И эта ненависть – она была не игрой в отрицание прошлого, она была первым необходимым шагом, чтобы создать новое. И Маяковский об этой ненависти к прошлому, старому не раз говорил не только в ранние годы, но и в годы, которые предшествовали его концу.

Дело в том, что ненависть к прошлому, под которым понималось старое общественное устройство, – она сочеталась с ненавистью ко всему в нас ушедшему, рабьему – от завитушек на плафонах барских особняков до розовых абажуров в мещанских гостиных, которые лезли и перли в дома нового общества, нового строя. И тот аскетизм, с которым мы сегодня опять встретились через очень много лет, – аскетизм простоты, аскетизм прямых линий, аскетизм отказа от ненавистных украшений, так напоминающих о ненавистном строе, – отход от этого аскетизма, забвение его привели, мне кажется, нас к тому массовому распространению мещанского искусства, о котором уже и партия должна была высказаться в своем решении о нашей архитектуре.

Мне пришлось с обидой смотреть на кое-какие вещи за рубежом.
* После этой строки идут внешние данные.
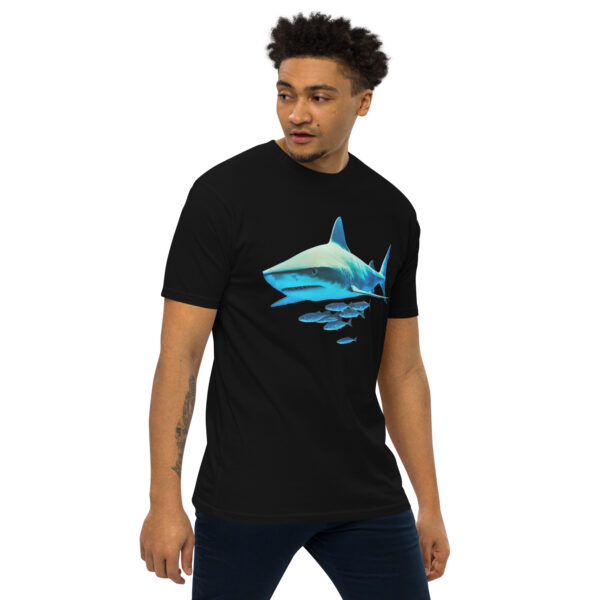 A shark swimming with a fish posse. I captured this image from the underwater camera at Manatee Lagoon in West Palm Beach, FL. They were swimming in the warm waters of the FPL station, which attracts all sea life to the area in the colder months.

Это очень похоже на то, что есть в изобретательстве, – например, когда мы узнаем, что кислородное дутье, к которому мы пришли в последние годы, было у нас сперто и применялось в Германии задолго до того, как мы применили его. Многое из того, что мне пришлось увидеть в современной архитектуре, в новейших аэровокзалах, построенных в Риме и Лондоне, – я увидел, что мы это начали и бросили. Мы начали это искусство предельно-закономерной простоты, искусство, которое страшно подходило к формам нашей жизни, которое гораздо больше подходило к тому строю и общественному устройству, которое тогда только начиналось, чем то искусство, которое у нас и недавно, и сейчас подчас объявляются искусством нового общества, будучи иногда просто эклектическим собранием украшений, взятых из ранних времен, у разных народов.

Вот почему у Родченко, когда я смотрю на его обложки и плакаты, – всё это мне кажется началом, не получившим развития, и это очень грустно, что мещанское искусство этому раннему началу, этому периоду нашего социалистического эстетизма положило барьер в виде этих тысяч розовых шелковых абажуров, которые мелькают из окон новых московских квартир.

[Аплодисменты]

Мы видим, как изо дня в день, из года в год, от конференции к конференции, от выставки к выставке рождаются в нашем народе, в нашей интеллигенции, в нашей жизни предметы домашнего быта, качество культуры предметов ведут к мещанскому эстетству в худшем смысле слова, а эти статуэтки!! вплоть до статуэтки того же Маяковского, который бы с отвращением сбросил эту статуэтку, увидев ее на столе.

[Аплодисменты]

Я думаю, что мы придем к этому началу, но не придем как к вершине, которая была и от которой мы отошли. Это было предгорье горы, которую мы воздвигнем потом. Но помните, что это было предгорье, потому что мы вернемся посмотреть на это, видя в этом зерно будущего, и поблагодарим тех, которые отказались от славы, от бархатной куртки живописца и славы художника, всё-таки сохранив в себе мужество остаться частицей будущего.

[Аплодисменты]


ПРЕДСЕДАТЕЛЬ

Слово имеет А.В. Февральский.


тов. ФЕВРАЛЬСКИЙ А.В.

Я хотел бы рассказать о работе Родченко в спектакле «Клоп» в 1929 году в театре им. Мейерхольда. В.Э. Мейерхольд очень высоко ценил Маяковского не только как поэта и драматурга, но и как человека талантливого, понимающего в театре, и как художника, и когда Маяковский принес «Клопа» Мейерхольду, то последний предложил ему наметить художника предстоящего спектакля, и Маяковский предложил для первой части Кукрыниксов, а для второй – Родченко, выдвинул композитором молодого тогда пианиста Шостаковича.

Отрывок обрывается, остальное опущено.